III. Prevention Strategies
Prevention and education strategies are designed to hinder drug, alcohol and tobacco use before it begins, or to intervene when dependence or addiction has occurred. Ever since the 19th Century, physicians and psychiatrists have known how to treat addicts by gradually lowering the dosage of the drug in a clinical or hospital setting, although relapses have always been common. Quitting suddenly and completely ('cold turkey') will always be more difficult because of the withdrawal symptoms, and in many cases might even be downright dangerous. For these reasons, social and psychological support groups like Alcoholics Anonymous, Narcotics Anonymous and various forms of group therapy have always proven useful as well.
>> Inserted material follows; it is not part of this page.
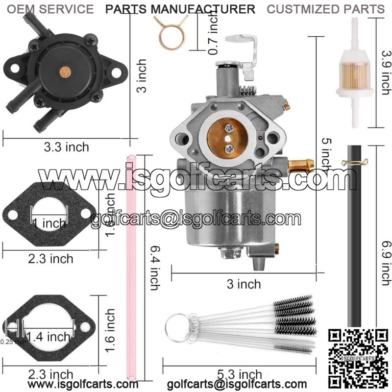 Golf Cart Carburetor Kit for Club Car DS Precedent Turf Carryall 1996-upKawasaki FE350 Engine – Golf Cart Carburetor kit for Club Car DS, Precedent, Turf, Carryall models 1996-up with a OHV FE350 engine;- Club Car Carburetor replaces part numbers: 1016441-01 1018059-01 1019059-01 1035245-01 1016478;- Gasket replaces part numbers: 1016438 1016439 1016440 1016441;- Fuel pump replaces part numbers: 72873G01;- Package includes: 1x carburetor, 1x Fuel filter, 1x Fuel pump, 2x Mount gaskets, 2x fuel lines, 1x carburetor cleaning brush, 1x hose and 8x clamps.

Some treatment programs, especially in Europe, focus on harm reduction and limitation of drug and alcohol intake rather than total abstinence. Billions of dollars have been spent on drug treatment, education and intervention programs, but the results remain unclear, and "the diverse nature of drug education presents a substantial challenge for program implementation and evaluation" (Wilson and Kolander, p. 4).
Nor is there a social consensus about which drugs should be targeted. Certain cultures have more permissive ideas about children using alcohol, for example, and there is no evidence that they have a greater drug problem than those with more restrictive attitudes. By Western standards, the U.S. has a very high percentage of alcohol abstainers, but also a very high rate of alcoholism, with 7% of the population being heavy drinkers and 23% binge drinkers (Wilson and Koalnder, p. 8). Alcohol and tobacco are more socially acceptable drugs than heroin and crack, and large industries exist that oppose a total ban on these drugs, even though they are at least as damaging to public health as the illegal variety. In recent times, marijuana also appears to be well on the way to becoming a socially acceptable drug, and even a medically useful one, and as with tobacco and alcohol, it has lobbyists and interest groups opposed to criminalization. Schools are already under severe budget pressures and have difficulty even teaching academic subjects, so teachers and administrators do not want the added burden of dealing with social problems that schools were never designed to handle. Drug prevention and education programs that do not involve the school and the larger community in a comprehensive way are almost certain to fail, though.